Cyprain fled his home when separatist fighters in Cameroon’s Northwest region threatened to kill him after he served government soldiers at his roadside bar.
While the government has blocked journalists from visiting the regions independently, gruesome images appear almost daily on social media. In a recent incident, a photo emerged of the head of a decapitated soldier that was left in the middle of a road in the Northwest’s regional capital, Bamenda, by suspected insurgents.
That’s isolated the area from the rest of oil-dependent Cameroon, which is a key regional hub, with roads and ports that are vital for landlocked neighbours including Chad and Central African Republic.

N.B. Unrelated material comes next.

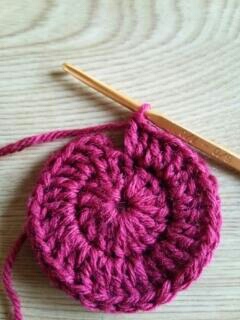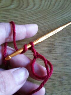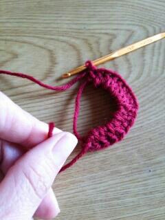 その立ち上がりの目も入れて全部で16目の長編みを編んで行きます。

Cameroon’s top state-owned agribusiness said this week it has lost 35 billion CFA francs ($61 million) as a result of the crisis and more than half of its 22,000 employees are unable to work. The Cameroon Development Corp.’s three main crops — palm oil, rubber and bananas — have dropped significantly and large swathes of its farmland in the two Anglophone regions have been completely destroyed, General Manager Franklin Njie said.
The roots of the crisis date to the decision by the colonial powers to split the nation after World War I into a French-run zone and a smaller, British-controlled area. Since they were unified in 1961, the English-speaking minority, about a fifth of the population, has complained they don’t have equal job and educational opportunities as the French speaking majority.

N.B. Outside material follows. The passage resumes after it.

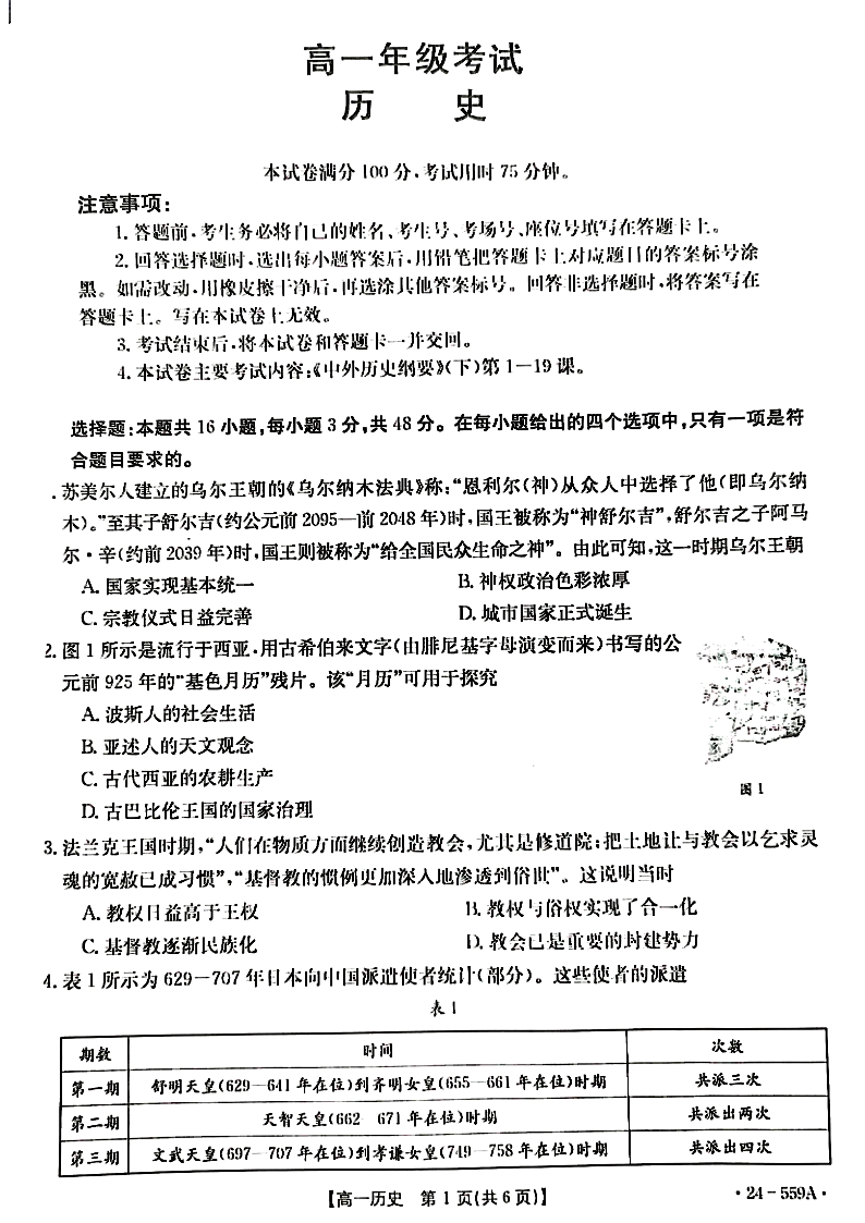 贵州省遵义市2023-2024学年高一下学期6月月考历史

Cameroon’s military has been accused of abuses including summary executions and raiding villages by advocacy groups such as Human Rights Watch and Amnesty International. Separatists have killed more than 160 police and military officials, according to the government, and have filmed themselves on mobile phones torturing village chiefs they accuse of collaborating with the authorities.
The head of communication of the defense ministry, Didier Badjeck, rejected allegations from residents that the army was responsible for abuses and has dismissed reports that the military has set houses ablaze in the two restive regions as untrue.
“There is a lot of fake news on social media on this crisis,” he said by phone.
While Biya initially ignored the crisis, he has pledged to create a committee to disarm and reintegrate fighters. The decision triggered a spike in violence in the two regions, fueling clashes between separatists and defense forces.
“The government in Yaounde has taken a few measures but it hasn’t fundamentally addressed the root causes of the crisis and remains opposed to an inclusive dialog,” Heungoup said.
About 300 armed men swarmed into the town of Bangourain on Dec. 23 and set houses ablaze in what was the biggest attack in French-speaking territory since the conflict began.
The incident triggered such angry reactions on social media from Cameroonians that the Center for Human Rights and Democracy in Africa issued a statement urging Francophones and Anglophones to “exercise restraint and refrain from hate speech and retaliation against one another.”
Among the thousands of people who’ve recently fled to French-speaking areas is Killian, a 41-year-old carpenter who asked not to be identified by his surname for fear of reprisals. He said he escaped as the military burned down his home and dozens of others in the town of Kumbo in the Northwest.
“I barely escaped with my dear life,” he said. “I hope my wife and my two children are alive.”